Our lingerie buying guide set dudes straight just as the Sadie Hawkins of sex parties arrived in L.A. Meanwhile, a KTLA anchorman confused Samuel L. Jackson with Laurence Fishburne.
L.A.’s earthquake drought ended with several earth-shakers, so we assembled a go-bag. A war broke out in Crimea and a Malaysian Airliner goes missing. Our executive editor penned a theory on what happened to it.
Season Seven of Mad Men premiered just after we visited the set to photograph their sunnies. We launched a sexy Spring Style Issue, and our first capsule collection. Meanwhile, in West Africa, Ebola literally went viral.
Wildfires raged across SoCal, while this shirtless man tried to pick up the reporter covering it. We published 37 Things A Man’s Gotta Do in Summer.
We sat at Plan Check and watched ze Germans thump Brazil. Then we needed a hangover cure, which came with a nurse and a needle. We also toured our city on bicycle and celebrated the 40th anniversary of Chinatown.

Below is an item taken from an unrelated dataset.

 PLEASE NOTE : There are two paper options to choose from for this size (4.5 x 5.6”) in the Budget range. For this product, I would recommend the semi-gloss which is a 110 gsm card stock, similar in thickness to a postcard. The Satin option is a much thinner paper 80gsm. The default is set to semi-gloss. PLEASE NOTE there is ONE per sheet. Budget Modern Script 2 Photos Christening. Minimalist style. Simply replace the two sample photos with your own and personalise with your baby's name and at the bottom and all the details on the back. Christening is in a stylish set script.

While everyone else dumped buckets of ice water on their heads, we grabbed drinks on rooftops. A few of us even sunbathed topless on rooftops. And some crazy fisherman caused a poor swimmer to be bitten by a great white shark.
The tiny fishing village of Los Angeles empties in August. Maybe it’s a status thing. We stuck around, and flew a hooverboard in San Diego. People used the Internet to find better camping sites. And there was the epic surf of Big Wednesday.
The Serial podcast phenomenon kept us in our cars well after we’d reached our destination. In that spirit, we gave you a list of things to listen to while driving. Then North Korea hacked Sony, but Seth Rogen’s film hit theaters anyway. To very lukewarm reviews.
And speaking of communism: Cuba, we’re coming to visit!